26 марта 1856 г. Толстой получил чин поручика, как сказано в его формулярном списке, «за отличие в сражении против турок, англичан и французов 4 августа 1855 г. при Черной речке».

IV

В ноябре 1855 г. Толстой получил от своей сестры известие о том, что их брат Дмитрий очень болен. Толстой больше года не переписывался с братом Дмитрием и отдалился от него вследствие его беспорядочной жизни. Теперь, узнавши, что брат опасно болен, Толстой, как только получил отпуск, 1 января поехал в Москву, откуда проехал в Орел, где проживал тогда Дмитрий Николаевич.

Приехав в Орел 9 января, Толстой нашел брата умирающим от туберкулеза. «Он был ужасен, — рассказывает Толстой в «Воспоминаниях». — Огромная кисть его руки была прикреплена к двум костям локтевой части, лицо было — одни глаза, и те же прекрасные, серьезные, а теперь выпытывающие»43.

на нее. Ухаживали за Дмитрием Николаевичем его сестра с мужем, тетушка Татьяна Александровна и, кроме них, его подруга, бывшая проститутка Маша. Это была первая женщина, которую он узнал. Через некоторое время он выкупил ее из публичного дома и взял к себе. По своей болезненной раздражительности он за полтора года до смерти отпустил ее, но потом опять призвал к себе, и она оставалась с ним до самой его смерти. Как писал В. П. Толстой Т. А. Ергольской, «эта особа, — так презрительно называл он женщину, самоотверженно ухаживавшую за его умирающим шурином, — находится постоянно при нем, так как, говорит Николенька, она одна может за ним ухаживать, потому что болезнь сделала его до такой степени нетерпеливым и капризным, что никто ему не может угодить»44.
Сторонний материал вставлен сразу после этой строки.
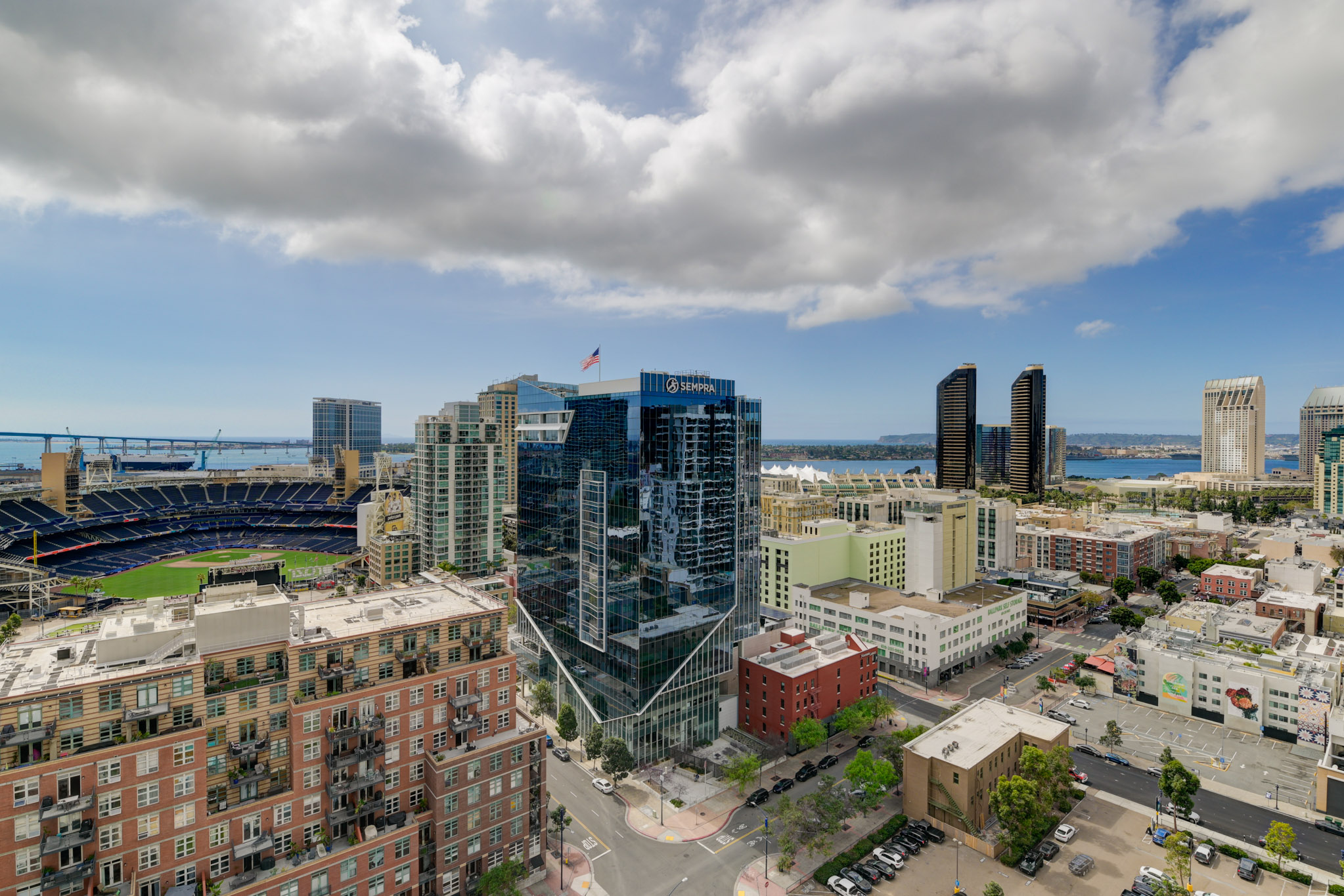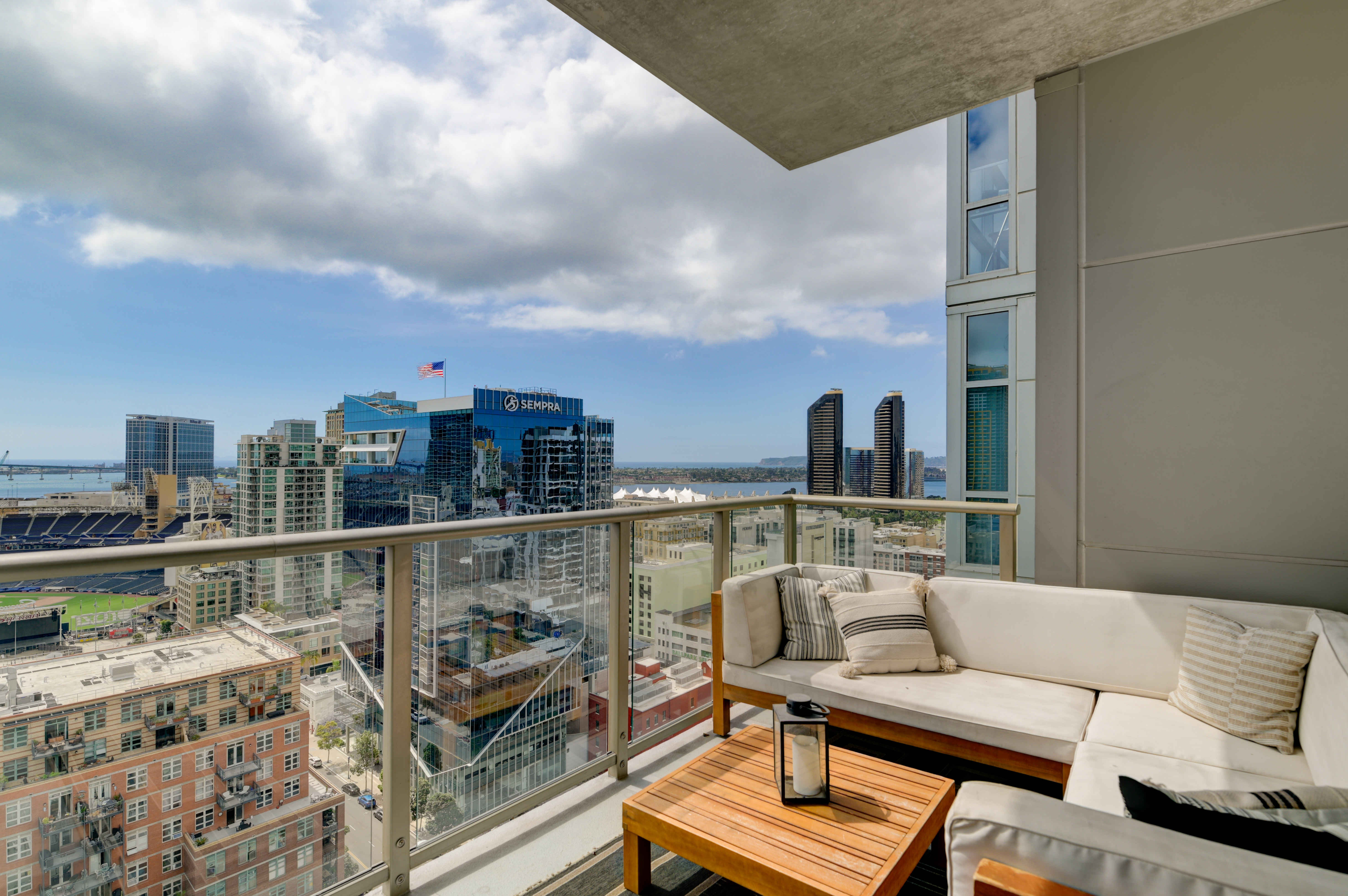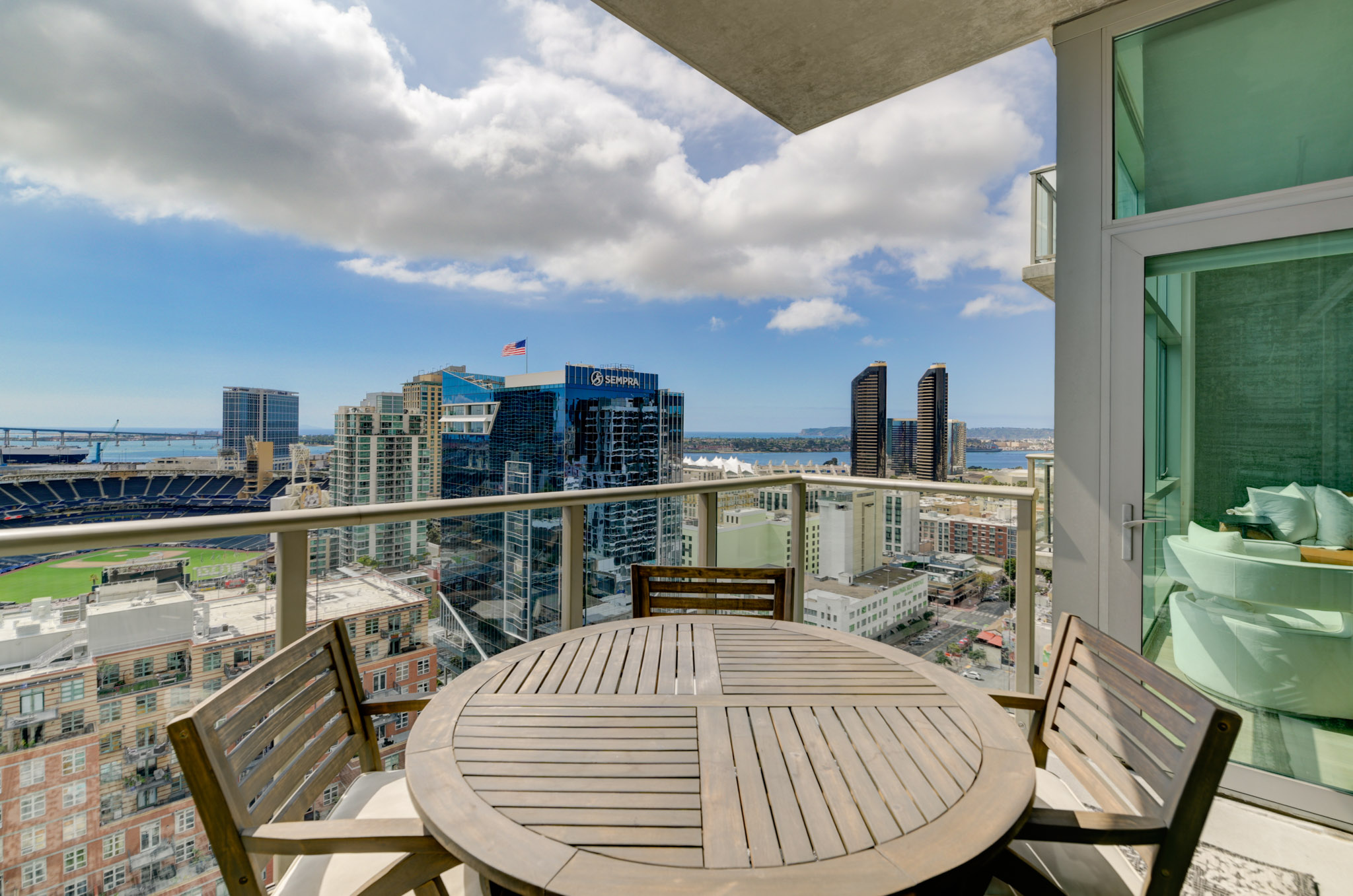 Experience extraordinary panoramic views from this exceptional residence, offering sweeping vistas of Petco Park, Coronado, the Bay, Point Loma and Ocean placing San Diego’s iconic skyline at center stage. Two private balconies provide the perfect setting to enjoy sunrise coffee or evening sunsets framed by the city lights or enjoy watching baseball at Petco Park and live shows at Gallagher Square. Designer upgrades incl. brand new $30K luxury laminate wide plank floors, motorized shades, renovated bathrooms & a beautifully renovated Chef's kitchen with sleek cabinetry, stainless steel appliances & a contemporary backsplash. New microwave & dishwasher. The open-concept design seamlessly connects the living, dining & kitchen spaces, for entertaining & everyday living with option to easily convert dining space into a second bedroom where closet has been thoughtfully installed already. Primary suite with balcony access, blackout motorized shades & spacious walk-in closet. Two secured parking spaces & storage unit add convenience and peace of mind, while resort-style amenities—including a lap pool, spa, fitness center, full kitchen, fire pits and pizza oven. Multiple lounge areas and four dedicated barbecue stations. Ideally located with immediate access to the vibrant Gaslamp Quarter, Little Italy dining scene, The Rady Shell waterfront concert & event venue and this residence also places baseball enthusiasts moments from the action at Petco Park. A rare opportunity to own a view-driven urban retreat combining modern sophistication with premier lifestyle access.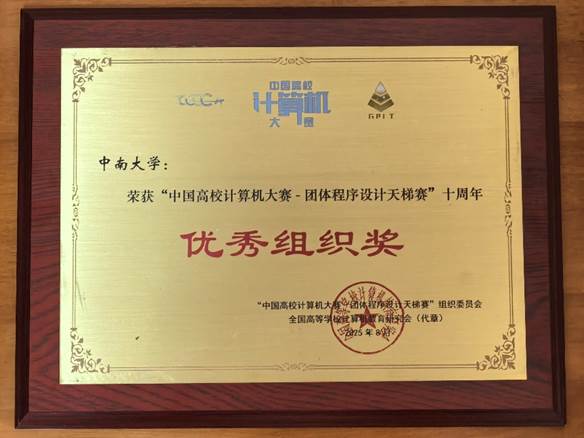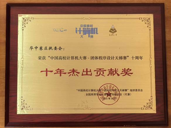 在本次表彰中荣获大赛十周年“高校十年成就奖”、“优秀组织奖”,同时作为华中赛区执委会获评“十年杰出贡献奖”,国家级教学名师、教育部高等学校计算机类专业教学指导委员会副主任、全国高校计算机教育研究会理事长、中国计算机学会教育专委副主任蒋宗礼教授,国家级教学名师、教育部高等学校大学计算机课程教学指导委员会副主任何钦铭教授为我校代表颁奖。

Толстому было очень мучительно видеть предсмертные страдания брата. «Мне ужасно тяжело», — записал он в дневнике 10 января. У него исчезло все то недовольство братом за его беспутный образ жизни, которое раньше он испытывал. Чувствуя себя бессильным помочь брату и видя его окруженным заботливым уходом, Толстой на другой день уехал в Москву.
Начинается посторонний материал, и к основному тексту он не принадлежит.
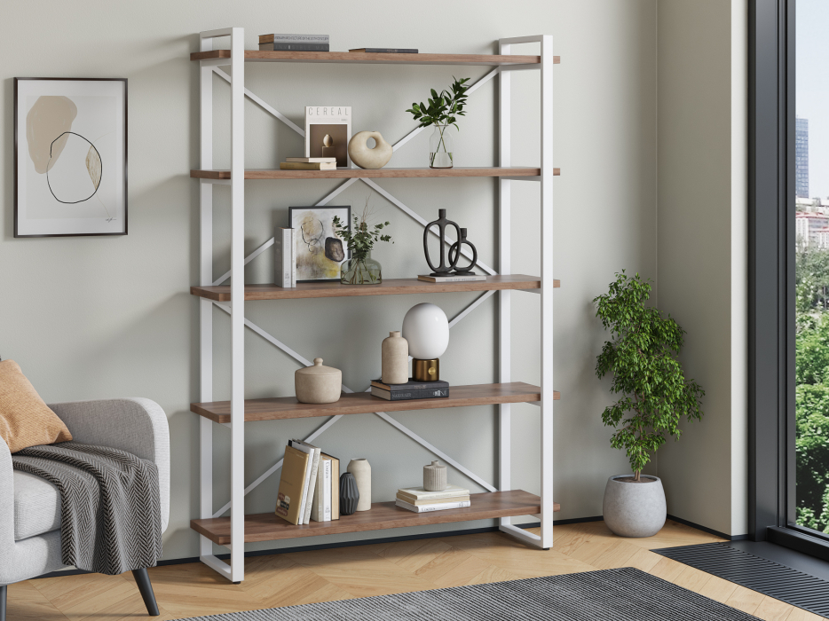 Стеллаж Айсберг Лофт 120х182-2 белый (Дуб/крафт/табак)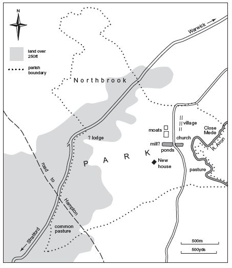 A further indication of the way that the landscape was remodelled is provided by the IPM's reference to 140 acres of pasture near the road to Hampton Lucy which was worth nothing (to the lord) as it was used as common pasture. The ‘road to Hampton' cannot mean the modern road leading south from the moated manor, as there is no room for 140 acres between the river Avon, Hampton Wood, and the ‘new house', but the road mentioned must have been the now defunct route which ran through the south-west corner of the parish, leading from the direction of Norton Lindsey. [20. VCH Warwickshire iii.91.] The more direct route, which must have existed when the village of Fulbrook was active, was presumably closed when the park was made. As Fulbrook was virtually uninhabited, the common pasture in the south-west would have benefited the villagers of Hampton and Snitterfield.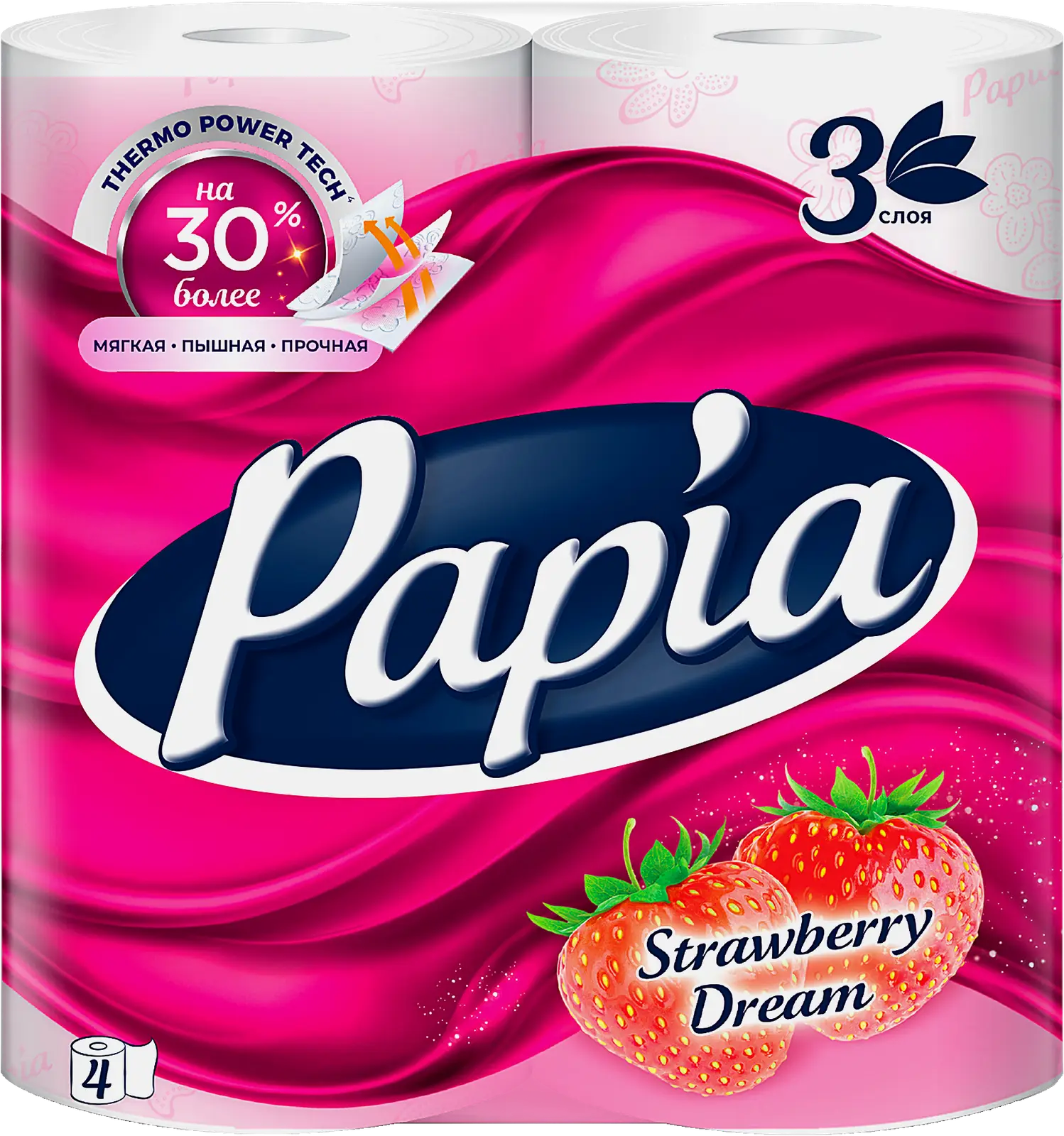 Трёхслойная туалетная бумага с экстрактом хлопка отличается мягкостью и хорошей впитываемостью благодаря двустороннему тиснению. Свежий клубничный аромат создаёт атмосферу свежести и уюта. Новая технология Termo Power Tech делает бумагу более пышной, мягкой и прочной. Безопасна для чувствительной кожи.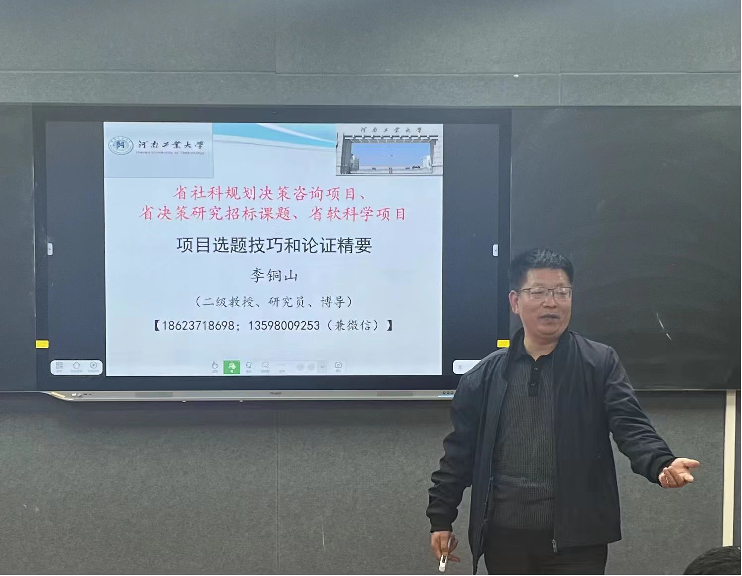 在第二场报告中,李铜山教授以“决策咨询类项目选题技巧和论证精要”为题,紧紧围绕选题的重要性、选题的基本着眼点、选题中必须树立的四大理念三个方面进行了生动的讲解。他还针对河南省社会科学规划决策咨询项目、河南省政府决策研究招标课题及河南省软科学项目的申报书如何论证作了深刻的剖析。

В Москве Толстой пробыл всего около четырех недель. Здесь он познакомился со славянофилами — Сергеем Тимофеевичем и Константином Сергеевичем Аксаковыми (Ивана Сергеевича не было тогда в Москве). Считая Аксаковых людьми, знающими и любящими крестьянский быт, Толстой прочел им написанные им главы «Романа русского помещика», прося дать «самые строгие замечания»45.
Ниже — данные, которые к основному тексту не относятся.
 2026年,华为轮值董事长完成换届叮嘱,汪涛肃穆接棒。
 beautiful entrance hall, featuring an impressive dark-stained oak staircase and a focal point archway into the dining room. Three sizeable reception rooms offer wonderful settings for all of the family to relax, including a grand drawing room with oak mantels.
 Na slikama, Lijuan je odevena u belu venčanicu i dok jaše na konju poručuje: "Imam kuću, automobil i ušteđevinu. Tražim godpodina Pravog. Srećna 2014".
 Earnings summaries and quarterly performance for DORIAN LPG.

Толстой произвел на Аксаковых очень благоприятное впечатление. «Мы оба с Константином очень рады знакомству с графом Толстым, — писал С. Т. Аксаков Тургеневу 7 февраля 1856 г. — Он умен и серьезен; он способен понимать строгие мысли, в какие бы пустяки ни вовлекала его пошлая сторона жизни». Далее Аксаков писал, что ставит Толстого очень высоко «по задаткам, которые он дал нам», а узнав его лично, еще больше надеется «на его будущую литературную деятельность»46.

Познакомился Толстой в Москве также с поэтессой Е. П. Ростопчиной, которой выразил свое желание познакомиться с Островским. 25 января Ростопчина писала Островскому, что с ним желает познакомиться «удивительно симпатичное существо — граф Лев Толстой»47. Состоялось ли знакомство Толстого с Островским в Москве или же в Петербурге, куда вскоре приехал Островский, неизвестно.

«Романа русского помещика», когда он будет печататься, и выражает сожаление, что не будет иметь времени приехать туда, куда ему «больше всего нужно, полезно и приятно было бы приехать» (т. е. к Аксаковым)48.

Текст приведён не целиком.